What we would like to implement is a pipeline which will run all steps to completion. However, there are sometimes problems with the sample quality, i.e. let's assume there are 5 bad samples, some will fail at alignment, others at variant calling.

@evanbiederstedt do not use retries for this, you should use filtering in your Channels to try and figure out which data might be bad and prevent them from making it to processes where they will fail. I use this strategy a lot on my exome pipeline;

@lebernstein
Stephen Kelly
@stevekm
May 16 17:16
if the method required to determine if you sample data is "bad" is too complex to figure out in pure Groovy inside a Channel .filter then yeah passing it through a process with a dedicated script that writes a PASS/FAIL type value that you can then parse easily from within the Nextflow channel is a good idea
basically you want to do everything you can to prevent bad data from getting to your Nextflow process in the first place, thats the easiest method I think, rather than let it break
Laurence E. Bernstein
@lebernstein
May 16 17:35

@eugene.bragin_gitlab Currently I don't really know what might cause my workflow to fail (because I am new to the team) so I put a solution in place that will allow me to debug issues with the pipeline when a failure occurs. My solution is like this:

At the beginning of the pipeline I log parameters to a log file:

logFileName = "${workingDir}/loginfo.txt"
File logFile = new File(logFileName)
logFile << "Project Name       : ${params.projectName}\n"
logFile << "Analysis ID        : ${params.analysisId}\n"
logFile << "Launch Time        : ${workflow.start.format('dd-MMM-yyyy HH:mm:ss')}\n"
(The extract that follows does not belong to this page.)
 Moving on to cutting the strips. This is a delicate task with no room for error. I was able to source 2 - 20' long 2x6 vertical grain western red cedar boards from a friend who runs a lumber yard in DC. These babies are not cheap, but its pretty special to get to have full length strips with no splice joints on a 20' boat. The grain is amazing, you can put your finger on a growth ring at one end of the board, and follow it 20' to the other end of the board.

This allows me to cat all those parameters (including workflow params) into my status log in the afterScript shell script.
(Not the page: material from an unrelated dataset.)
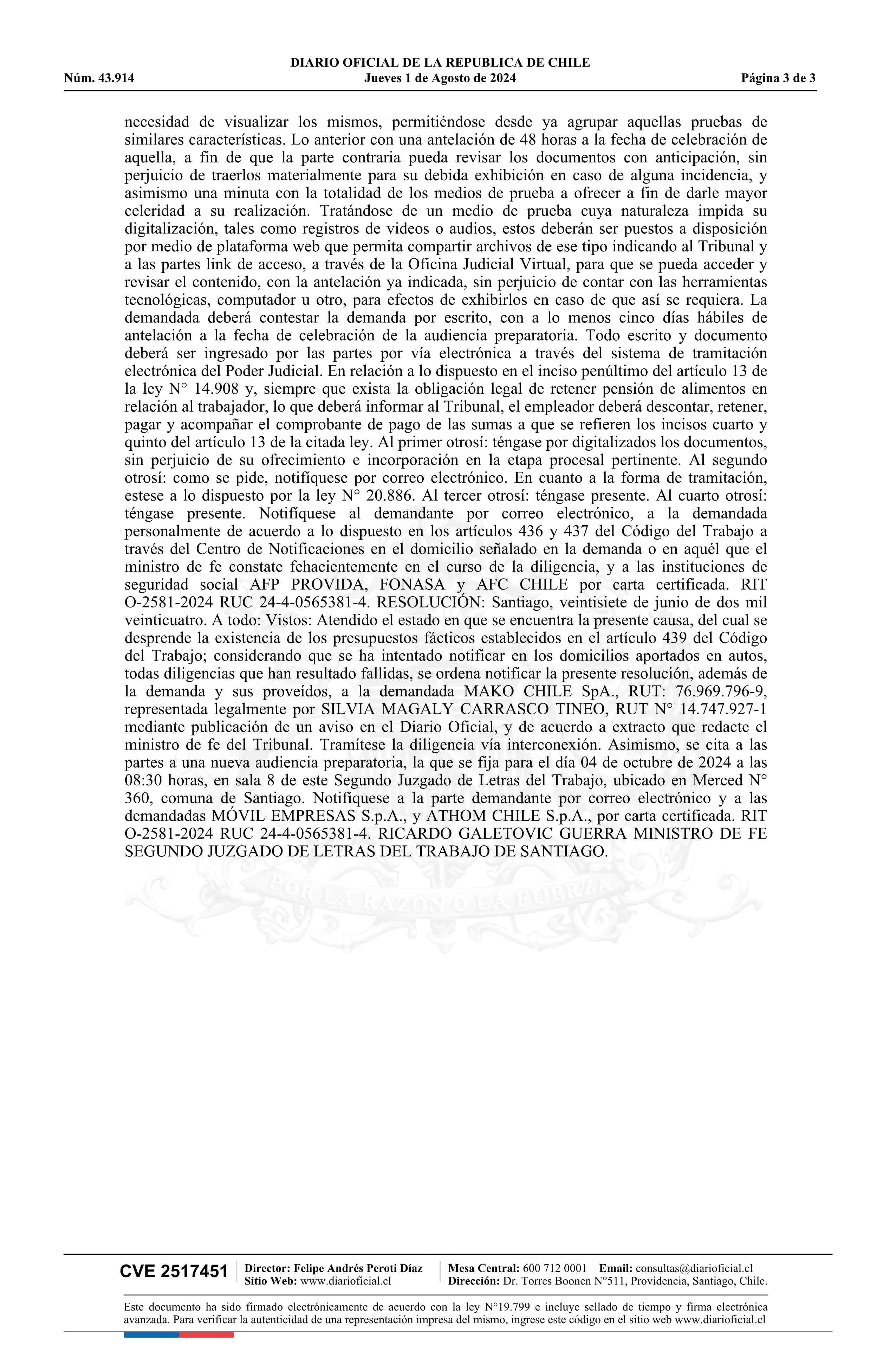 Díaz Vásquez Francisca - Móvil Empresas SpA y otras 01-08-2024 Diario Oficial Edición Electrónica |

In the process I use errorStrategy 'ignore' and afterScript that runs a shell script and I pass it a few key values (the sample name - which is passed as an input value channel, the workingDir - which is really my output location, the log file and the current process name.

  afterScript "source ${scriptsPath}/statusUpdate.sh ${sampleName} ${workingDir} ${logFileName} 1A_bwa_align"

It is worth noting that I unfortunately must put this in every process (instead of in the config file) because the sampleName is an input channel.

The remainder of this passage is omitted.